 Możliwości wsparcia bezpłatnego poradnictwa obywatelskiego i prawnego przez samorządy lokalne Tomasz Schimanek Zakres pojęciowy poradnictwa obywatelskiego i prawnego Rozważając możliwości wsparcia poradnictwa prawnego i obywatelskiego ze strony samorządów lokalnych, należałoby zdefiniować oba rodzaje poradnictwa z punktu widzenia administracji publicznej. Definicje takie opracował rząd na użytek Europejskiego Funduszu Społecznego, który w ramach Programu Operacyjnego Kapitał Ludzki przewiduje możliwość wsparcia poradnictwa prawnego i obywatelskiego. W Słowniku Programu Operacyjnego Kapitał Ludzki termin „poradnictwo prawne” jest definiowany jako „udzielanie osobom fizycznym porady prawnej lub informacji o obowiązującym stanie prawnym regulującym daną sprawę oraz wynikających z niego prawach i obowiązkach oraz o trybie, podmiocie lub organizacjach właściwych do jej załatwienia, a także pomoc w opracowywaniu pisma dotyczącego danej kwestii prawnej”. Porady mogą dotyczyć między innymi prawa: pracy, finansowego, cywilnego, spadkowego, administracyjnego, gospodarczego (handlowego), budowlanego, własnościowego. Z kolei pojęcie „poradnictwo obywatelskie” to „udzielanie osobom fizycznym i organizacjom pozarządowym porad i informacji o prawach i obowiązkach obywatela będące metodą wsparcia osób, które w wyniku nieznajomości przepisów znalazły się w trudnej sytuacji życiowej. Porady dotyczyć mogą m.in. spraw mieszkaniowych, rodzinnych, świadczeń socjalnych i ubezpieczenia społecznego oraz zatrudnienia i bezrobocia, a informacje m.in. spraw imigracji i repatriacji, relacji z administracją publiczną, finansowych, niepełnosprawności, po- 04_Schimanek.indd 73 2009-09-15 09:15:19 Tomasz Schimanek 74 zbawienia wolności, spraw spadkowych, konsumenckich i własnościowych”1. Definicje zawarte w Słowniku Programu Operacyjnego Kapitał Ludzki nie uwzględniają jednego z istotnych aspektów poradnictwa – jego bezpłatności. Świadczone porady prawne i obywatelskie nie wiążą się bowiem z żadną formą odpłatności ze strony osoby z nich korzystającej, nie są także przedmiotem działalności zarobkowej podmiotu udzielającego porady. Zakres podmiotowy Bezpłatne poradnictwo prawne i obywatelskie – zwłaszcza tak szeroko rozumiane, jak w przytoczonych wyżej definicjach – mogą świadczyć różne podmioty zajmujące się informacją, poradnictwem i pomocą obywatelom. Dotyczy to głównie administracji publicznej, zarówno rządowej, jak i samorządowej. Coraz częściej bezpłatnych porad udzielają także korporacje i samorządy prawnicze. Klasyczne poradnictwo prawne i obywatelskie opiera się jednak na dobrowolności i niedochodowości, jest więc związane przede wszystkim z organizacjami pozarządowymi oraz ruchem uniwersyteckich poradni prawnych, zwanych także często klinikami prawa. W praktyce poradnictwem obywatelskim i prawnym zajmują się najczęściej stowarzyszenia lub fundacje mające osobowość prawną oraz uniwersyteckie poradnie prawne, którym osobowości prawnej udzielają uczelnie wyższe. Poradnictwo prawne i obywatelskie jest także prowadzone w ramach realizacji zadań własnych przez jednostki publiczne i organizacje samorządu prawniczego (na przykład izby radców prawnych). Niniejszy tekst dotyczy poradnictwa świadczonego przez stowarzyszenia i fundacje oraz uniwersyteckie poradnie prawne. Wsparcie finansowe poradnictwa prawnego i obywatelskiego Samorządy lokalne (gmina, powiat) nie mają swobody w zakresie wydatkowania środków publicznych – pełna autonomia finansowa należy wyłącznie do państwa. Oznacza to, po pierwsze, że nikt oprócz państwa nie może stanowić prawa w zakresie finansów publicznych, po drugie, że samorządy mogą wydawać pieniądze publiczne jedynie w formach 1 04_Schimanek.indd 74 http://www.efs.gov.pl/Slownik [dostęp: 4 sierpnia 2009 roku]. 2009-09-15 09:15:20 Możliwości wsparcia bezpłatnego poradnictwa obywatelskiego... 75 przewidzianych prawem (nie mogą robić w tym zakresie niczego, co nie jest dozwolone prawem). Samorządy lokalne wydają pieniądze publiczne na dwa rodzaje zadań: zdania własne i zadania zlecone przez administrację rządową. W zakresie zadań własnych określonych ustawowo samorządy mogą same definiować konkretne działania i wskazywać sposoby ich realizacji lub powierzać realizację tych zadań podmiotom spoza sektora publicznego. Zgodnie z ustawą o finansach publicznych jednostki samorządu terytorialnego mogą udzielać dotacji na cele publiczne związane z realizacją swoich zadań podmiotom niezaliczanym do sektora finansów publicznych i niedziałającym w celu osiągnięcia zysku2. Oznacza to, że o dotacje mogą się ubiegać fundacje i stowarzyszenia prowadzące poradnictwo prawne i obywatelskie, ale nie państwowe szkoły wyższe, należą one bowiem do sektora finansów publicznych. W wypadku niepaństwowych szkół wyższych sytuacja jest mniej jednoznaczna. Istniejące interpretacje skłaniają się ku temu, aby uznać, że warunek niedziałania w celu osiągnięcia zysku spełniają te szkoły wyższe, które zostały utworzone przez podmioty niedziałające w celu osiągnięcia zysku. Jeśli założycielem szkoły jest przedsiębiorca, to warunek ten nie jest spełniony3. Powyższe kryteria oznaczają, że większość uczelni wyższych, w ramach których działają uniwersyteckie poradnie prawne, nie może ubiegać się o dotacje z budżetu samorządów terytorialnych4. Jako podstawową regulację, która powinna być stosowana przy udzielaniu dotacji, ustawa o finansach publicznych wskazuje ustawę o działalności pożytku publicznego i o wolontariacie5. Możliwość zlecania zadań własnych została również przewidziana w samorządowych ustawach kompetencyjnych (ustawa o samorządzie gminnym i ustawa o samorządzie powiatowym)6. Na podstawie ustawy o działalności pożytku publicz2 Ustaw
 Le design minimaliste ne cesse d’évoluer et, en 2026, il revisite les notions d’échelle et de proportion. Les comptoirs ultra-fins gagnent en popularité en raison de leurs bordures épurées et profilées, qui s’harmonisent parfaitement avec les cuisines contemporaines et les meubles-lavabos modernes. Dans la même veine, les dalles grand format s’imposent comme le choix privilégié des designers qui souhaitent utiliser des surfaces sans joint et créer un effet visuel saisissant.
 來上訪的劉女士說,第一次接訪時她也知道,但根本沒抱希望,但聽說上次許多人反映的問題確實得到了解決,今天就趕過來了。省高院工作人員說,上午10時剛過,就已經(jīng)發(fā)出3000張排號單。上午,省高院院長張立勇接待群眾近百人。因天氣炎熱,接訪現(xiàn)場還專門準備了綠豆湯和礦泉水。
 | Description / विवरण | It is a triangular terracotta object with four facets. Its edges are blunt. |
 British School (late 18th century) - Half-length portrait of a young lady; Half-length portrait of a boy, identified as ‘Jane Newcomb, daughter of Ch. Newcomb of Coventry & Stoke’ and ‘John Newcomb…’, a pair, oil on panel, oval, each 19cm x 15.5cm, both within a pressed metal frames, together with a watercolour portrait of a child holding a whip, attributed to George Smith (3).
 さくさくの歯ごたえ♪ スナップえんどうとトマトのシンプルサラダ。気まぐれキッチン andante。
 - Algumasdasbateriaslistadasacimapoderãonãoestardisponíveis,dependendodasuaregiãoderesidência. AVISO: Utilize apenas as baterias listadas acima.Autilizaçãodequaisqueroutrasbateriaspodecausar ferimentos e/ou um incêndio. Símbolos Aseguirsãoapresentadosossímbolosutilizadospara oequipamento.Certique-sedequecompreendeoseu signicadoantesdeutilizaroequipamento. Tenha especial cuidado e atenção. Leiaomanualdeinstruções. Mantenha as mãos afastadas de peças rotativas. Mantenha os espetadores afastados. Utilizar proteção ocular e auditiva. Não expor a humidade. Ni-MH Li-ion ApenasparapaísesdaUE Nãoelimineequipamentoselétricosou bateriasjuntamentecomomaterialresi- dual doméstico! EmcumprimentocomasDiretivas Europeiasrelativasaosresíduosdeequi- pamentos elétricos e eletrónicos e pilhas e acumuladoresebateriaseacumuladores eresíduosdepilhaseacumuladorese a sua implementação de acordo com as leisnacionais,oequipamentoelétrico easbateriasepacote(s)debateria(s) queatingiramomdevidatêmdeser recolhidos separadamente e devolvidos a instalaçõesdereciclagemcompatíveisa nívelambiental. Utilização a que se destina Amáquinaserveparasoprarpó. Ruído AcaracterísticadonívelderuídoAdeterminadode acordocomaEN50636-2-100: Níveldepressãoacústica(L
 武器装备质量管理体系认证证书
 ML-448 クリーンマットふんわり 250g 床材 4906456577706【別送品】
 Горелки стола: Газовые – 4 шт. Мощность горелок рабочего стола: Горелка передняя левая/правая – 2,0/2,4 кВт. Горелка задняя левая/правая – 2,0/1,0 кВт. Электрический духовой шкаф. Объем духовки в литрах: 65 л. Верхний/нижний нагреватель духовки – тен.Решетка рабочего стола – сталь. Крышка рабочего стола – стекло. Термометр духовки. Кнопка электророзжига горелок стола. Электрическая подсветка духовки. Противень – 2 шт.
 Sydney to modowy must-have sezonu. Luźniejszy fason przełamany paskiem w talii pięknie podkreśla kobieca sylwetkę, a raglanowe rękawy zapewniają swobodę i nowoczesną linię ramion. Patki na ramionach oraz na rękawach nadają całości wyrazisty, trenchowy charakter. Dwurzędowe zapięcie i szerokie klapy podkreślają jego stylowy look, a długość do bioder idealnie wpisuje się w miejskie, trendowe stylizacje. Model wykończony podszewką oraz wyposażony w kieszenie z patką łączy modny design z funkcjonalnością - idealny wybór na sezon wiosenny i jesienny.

━━━━━━━━━━━━━━━━━━━━━━━━━━━━━━

» Exercise details
Each line of the entries above that includes the string "with" should be copied out.

» Task output
 | Description / विवरण | It is a triangular terracotta object with four facets. Its edges are blunt. |
 British School (late 18th century) - Half-length portrait of a young lady; Half-length portrait of a boy, identified as ‘Jane Newcomb, daughter of Ch. Newcomb of Coventry & Stoke’ and ‘John Newcomb…’, a pair, oil on panel, oval, each 19cm x 15.5cm, both within a pressed metal frames, together with a watercolour portrait of a child holding a whip, attributed to George Smith (3).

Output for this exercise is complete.